換句話說， rowSums理論上內存效率較低，而且速度可能較慢。

如何提高`colSums`的性能？

由於RAM和緩存之間的數據流很容易達到最佳，因此唯一的改進是循環展開。 將內循環（求和循環）展開2的深度就足夠了，我們將看到2倍的提升。

循環展開工作，因為它啟用CPU的指令管道。 如果我們每次迭代只做一次加法，就不可能進行流水線操作; 通過兩個附加功能，這種指令級並行性開始起作用。 我們也可以將循環展開深度為4，但我的經驗是深度2展開足以從循環展開中獲得大部分好處。

如何提高`rowSums`的性能？

優化數據流是第一步。 我們需要先做緩存阻塞，以減少數據傳輸2 xnxn到nxn 。

將此nxn矩陣nxn為多個行塊：每個塊為2040 xn （最后一個塊可能更小），然后按塊應用普通rowSums塊。 對於每個塊，累加器向量的長度為2040，大約是32KB CPU高速緩存可容納的一半。 對於添加到該累加器矢量的矩陣列，另一半是反轉的。 以這種方式，累加器向量可以保持在高速緩存中，直到處理該塊中的所有矩陣列。 因此，累加器向量僅被加載到高速緩存中一次，因此整體存儲器性能與colSums性能一樣好。

現在我們可以進一步為每個塊中的rowSums應用循環展開。 展開外環和內環的深度為2，我們將看到一個提升。 一旦外循環展開，塊大小應該減少到1360，因為現在我們需要緩存中的空間來保持每個外循環迭代三個長度為1360的向量。

C代碼：讓我們擊敗犰狳

使用循環展開編寫代碼可能是一項令人討厭的工作，因為我們現在需要為函數編寫幾個不同的版本。

對於colSums ，我們需要兩個版本：

colSums_1x1 ：內部循環和外部循環都以深度1展開，即，這是一個沒有循環展開的版本;
colSums_2x1 ：沒有外循環展開，而內循環展開深度為2。

對於rowSums我們最多可以有四個版本， rowSums_sxt ，其中s = 1 or 2是內循環的展開深度， t = 1 or 2是外循環的展開深度。

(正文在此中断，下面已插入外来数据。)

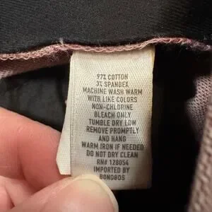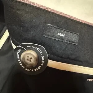 Features: Easy care, cotton spandex blend, embroidered day of the week on the waistband, button closure on back pockets, belt loops, button/hook latch/zip closure. MSRP $119
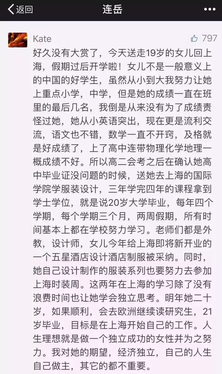 结果证明,女孩儿走对了,她拥有了自己擅长且喜欢的事业,成功与幸福几近兼得,父母可以放心了。
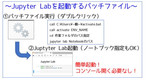 Jupyter Labを起動するときに、いちいちコンソールを開いて、jupyter labと打つのがめんどくさい!という方のために、Jupyter Labを起動するバッチファイルの作成方法を紹介します。少し応用すると、ノートブックを指定して起動するバッチファイルも作成可能…
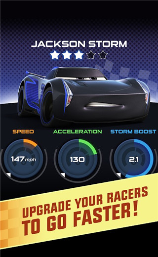 1、经典角色齐聚:收录闪电麦坤、法兰斯高等20个电影角色,每辆赛车个性鲜明,支持升级性能与定制喷漆,打造独一无二的专属座驾。
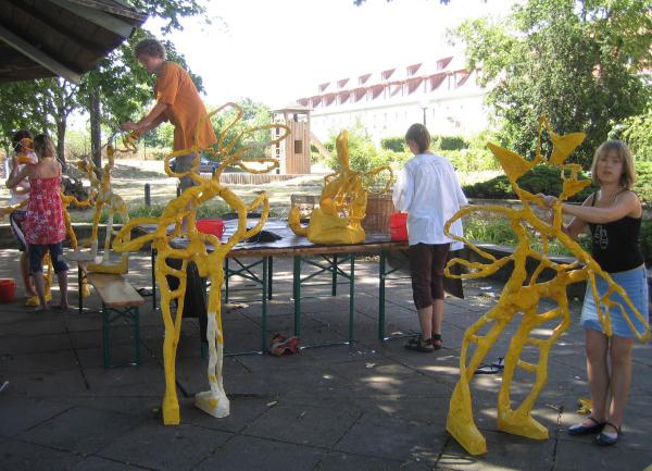 Im Rahmen von 3-tägigen Schul-Kunstprojekten in Bad Harzburg (Haupt-und Realschule), Berlin (Fläming-Grundschule) und in Erfurt (Kunst- und Designschule IMAGO e.V.) wurden künstlerische Objekte gebaut, die in Bäumen auf dem Schulgelände installiert wurden. Dies sind z.B. Käfer, Rieseninsekten, Bienen, Kanarienvögel, Pleitegeier, kleine Drachen. Gebaut aus Stroh in Kombination mit Draht oder Strick werden die Objekte mit Farben bemalt, so dass in den Bäumen ein buntes „Getümmel“ entsteht.
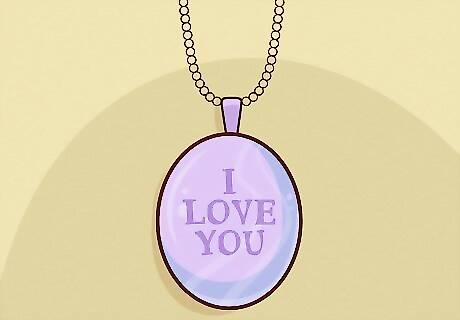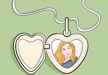 Get your locket engraved. Take your locket to a jeweler or engraver to get custom text written on your locket. Choose words or letters that are meaningful to you. These can be initials, a name, a date, or a phrase. For example, you may want to engrave a few song lyrics, a Bible verse, or a short literary quote. If your locket isn’t an engravable metal or you want a more temporary option, print the words on paper and display them inside your locket instead.

如果我們逐個編寫每個版本，代碼編寫可能非常繁瑣。 經過多年或對此的沮喪，我開發了一個使用內聯模板函數和宏的“自動代碼/版本生成”技巧。

#include <stdlib.h>
#include <Rinternals.h>

static inline void colSums_template_sx1 (size_t s,
                                         double *A, size_t LDA,
                                         size_t nr, size_t nc,
                                         double *sum) {

  size_t nrc = nr % s, i;
  double *A_end = A + LDA * nc, a0, a1;

  for (; A < A_end; A += LDA) {
    a0 = 0.0; a1 = 0.0;  // accumulator register variables
    if (nrc > 0) a0 = A[0];  // is there a "fractional loop"?
    for (i = nrc; i < nr; i += s) {  // main loop of depth-s
      a0 += A[i];  // 1st iteration
      if (s > 1) a1 += A[i + 1];  // 2nd iteration
      }
    if (s > 1) a0 += a1;  // combine two accumulators
    *sum++ = a0;  // write-back
    }

  }

#define macro_define_colSums(s, colSums_sx1) \
SEXP colSums_sx1 (SEXP matA) { \
  double *A = REAL(matA); \
  size_t nrow_A = (size_t)nrows(matA); \
  size_t ncol_A = (size_t)ncols(matA); \
  SEXP result = PROTECT(allocVector(REALSXP, ncols(matA))); \
  double *sum = REAL(result); \
  colSums_template_sx1(s, A, nrow_A, nrow_A, ncol_A, sum); \
  UNPROTECT(1); \
  return result; \
  }

macro_define_colSums(1, colSums_1x1)
macro_define_colSums(2, colSums_2x1)

模板函數計算（在R語法中）對於具有LDA （A的前導維度）行的矩陣A sum <- colSums(A[1:nr, 1:nc]) 。 參數s是內循環展開的版本控制。 模板函數乍一看看起來很可怕，因為它包含很多if 。 但是，它被聲明為static inline 。 如果它是通過使已知的常數1或2至稱為s ，優化編譯器能夠評估那些if在編譯時，消除無法訪問的代碼放“設置的但不使用的”變量（寄存器被初始化的變量，修改但不寫回RAM）。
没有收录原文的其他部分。